GroovyGrid DSL poll: what is right way to implement branching control structures in Groovy

December 12, 2008

It is well-known that you can’t implement if/else type control structure in Java. Another useful example of such control structure is continuations. It is much less know that you can implement such kind of structure in Groovy. In this short article I will show several options how it can be done. Our use case will be the same: check point definition for GroovyGrid. The main quesion of the post is which option is better from readability point of view. I will appreciate any comments from Groovy user, which way do they prefer.

Usecase

GroovyGrid is Groovy DSK for GridGain framework. I develop GroovyGrid with idea to simplify coding of grid applications using Groovy instead of Java. Our use case for this article will be checkpoint definition.

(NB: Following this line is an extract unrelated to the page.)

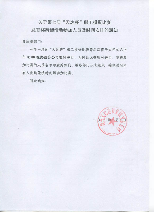 第七屆職工摜蛋比賽通知

So what is checkpoint? Checkpoint is possibility for extensive computing jobs can save their intermidiate state, so if job failed and was started by GridGain again it can continue not from scratch but using previously save state. In general logic of such job looks like following pseudo-code

Check if saved state exist
If it doesn't
     Execute first part of the job
     Save result of first part on checkpoint
Execute second part of job using either loaded or calculated result of first part

Now we are redy to start with implementation options

Option I: Closure after closure

We can use following syntax

checkPoint ("checkpoint") {
     // first part calculation
}
{ state ->
    // second part calculation
}

As you can see we put two closures one after another without any syntactical indication of connection between closures. Fortunately for us Groovy parser understand such construction as call of ‘checkpoint’ method with one parameter of type String and two parameters of type closure. So our implementation of ‘checkPoint’ method is pretty trivial (avoiding of course exception handling and such)

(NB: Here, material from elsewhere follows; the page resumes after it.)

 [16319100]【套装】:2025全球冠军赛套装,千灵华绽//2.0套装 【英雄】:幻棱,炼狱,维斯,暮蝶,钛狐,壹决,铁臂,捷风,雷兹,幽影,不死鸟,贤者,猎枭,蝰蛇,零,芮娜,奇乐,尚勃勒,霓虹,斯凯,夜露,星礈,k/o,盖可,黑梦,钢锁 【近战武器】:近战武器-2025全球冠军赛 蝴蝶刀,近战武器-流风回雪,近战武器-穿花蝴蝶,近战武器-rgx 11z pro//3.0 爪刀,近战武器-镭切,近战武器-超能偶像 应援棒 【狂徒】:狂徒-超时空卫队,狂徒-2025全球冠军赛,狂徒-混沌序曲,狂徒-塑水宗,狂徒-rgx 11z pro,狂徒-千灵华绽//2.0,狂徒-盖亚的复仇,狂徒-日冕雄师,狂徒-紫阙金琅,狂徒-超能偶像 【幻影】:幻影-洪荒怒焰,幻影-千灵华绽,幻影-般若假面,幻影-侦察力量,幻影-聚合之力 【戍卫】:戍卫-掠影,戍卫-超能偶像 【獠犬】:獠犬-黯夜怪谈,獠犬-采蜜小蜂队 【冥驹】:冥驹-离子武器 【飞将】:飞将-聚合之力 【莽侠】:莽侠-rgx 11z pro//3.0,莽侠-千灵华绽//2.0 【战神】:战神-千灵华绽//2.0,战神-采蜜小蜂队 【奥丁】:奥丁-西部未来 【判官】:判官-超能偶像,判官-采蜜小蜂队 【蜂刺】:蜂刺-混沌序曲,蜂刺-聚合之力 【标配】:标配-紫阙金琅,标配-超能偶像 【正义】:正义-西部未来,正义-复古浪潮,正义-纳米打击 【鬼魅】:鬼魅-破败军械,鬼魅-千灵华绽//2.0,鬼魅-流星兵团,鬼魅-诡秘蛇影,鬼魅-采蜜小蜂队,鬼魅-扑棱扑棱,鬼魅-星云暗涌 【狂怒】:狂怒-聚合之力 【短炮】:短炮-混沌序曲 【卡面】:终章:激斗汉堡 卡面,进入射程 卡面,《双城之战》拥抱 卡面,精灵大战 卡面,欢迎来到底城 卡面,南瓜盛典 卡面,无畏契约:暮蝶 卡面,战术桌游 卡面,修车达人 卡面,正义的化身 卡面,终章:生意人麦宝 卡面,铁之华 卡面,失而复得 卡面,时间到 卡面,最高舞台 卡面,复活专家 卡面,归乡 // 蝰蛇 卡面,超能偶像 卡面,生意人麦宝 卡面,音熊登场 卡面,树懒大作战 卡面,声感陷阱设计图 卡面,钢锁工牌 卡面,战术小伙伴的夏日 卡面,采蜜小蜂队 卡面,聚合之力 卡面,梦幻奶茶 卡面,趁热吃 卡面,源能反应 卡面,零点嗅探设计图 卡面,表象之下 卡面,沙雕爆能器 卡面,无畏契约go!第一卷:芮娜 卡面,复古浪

def checkPoint(String name, Closure before, Closure after) {
    Serializable state = gridTaskSession.loadCheckpoint(name)
    if (state == null) {
       state = before ()
       gridTaskSession.saveCheckpoint("checkpoint", state)
    }
    after(state)
}

What I like in this option is that it is extremly simple in implementation and very straight forward. Important to note here that if we want to use several checkpoints it is very easy to nest it.

checkPoint("state2") {
    checkPoint("state1") {
        // step1
     }
     { state1 ->
       // step2
     }
}
{ state2 ->
   // step3
}

Option II: Control object

What I don’t like in Option I is the fact that closure are not ‘visually’ connected in the code. So here are improved syntax

checkPoint ("checkpoint") {
    // first part calculation
}.andContinue { state ->
    // second part calculation
}

What we gain is ‘andContinue’, which probably improves readability. What we complicate is implementation – now ‘checkPoint’ method returns not value but control object to be called to complete the calculation

def checkPoint(String name, Closure before) {
    [
      andContinue : { Closure after ->
          Serializable state = gridTaskSession.loadCheckpoint(name)
          if (state == null) {
              state = before ()
              gridTaskSession.saveCheckpoint("checkpoint", state)
          }

          after (state)
      }
    ]
}

There is nice trick we can use to variate the same idea – use ‘rightShift’ of ‘rightShiftUnsigned’ name instead of ‘andContinue’ It allows us to write code like this (‘rightShiftUnsigned’ case)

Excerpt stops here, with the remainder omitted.